__MATERIAL PROVIDED__
<<<<
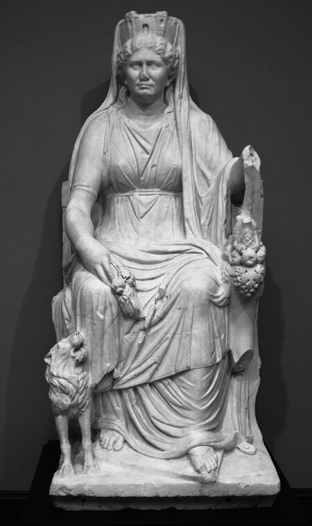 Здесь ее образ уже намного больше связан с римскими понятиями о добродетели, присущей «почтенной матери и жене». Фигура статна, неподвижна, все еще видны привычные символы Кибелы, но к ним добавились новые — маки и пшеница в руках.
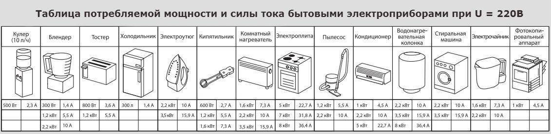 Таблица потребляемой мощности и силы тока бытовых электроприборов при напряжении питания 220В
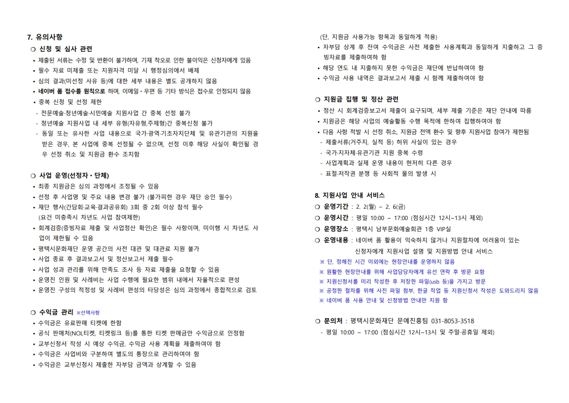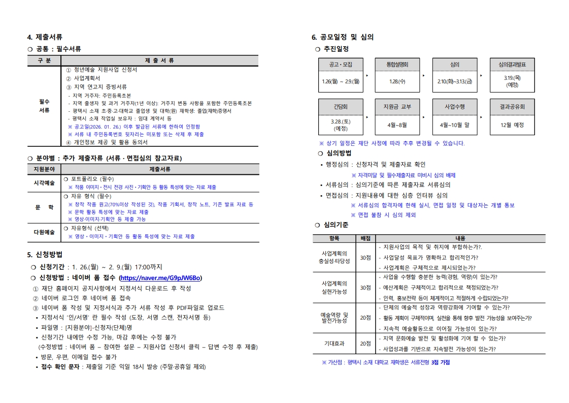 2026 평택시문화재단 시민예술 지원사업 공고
>>>>
__TASK__
Pictures in the data above should not be copied; transcribe everything else exactly.

__RESULT FOR THIS EXERCISE__
 Здесь ее образ уже намного больше связан с римскими понятиями о добродетели, присущей «почтенной матери и жене». Фигура статна, неподвижна, все еще видны привычные символы Кибелы, но к ним добавились новые — маки и пшеница в руках.
 Таблица потребляемой мощности и силы тока бытовых электроприборов при напряжении питания 220В
 2026 평택시문화재단 시민예술 지원사업 공고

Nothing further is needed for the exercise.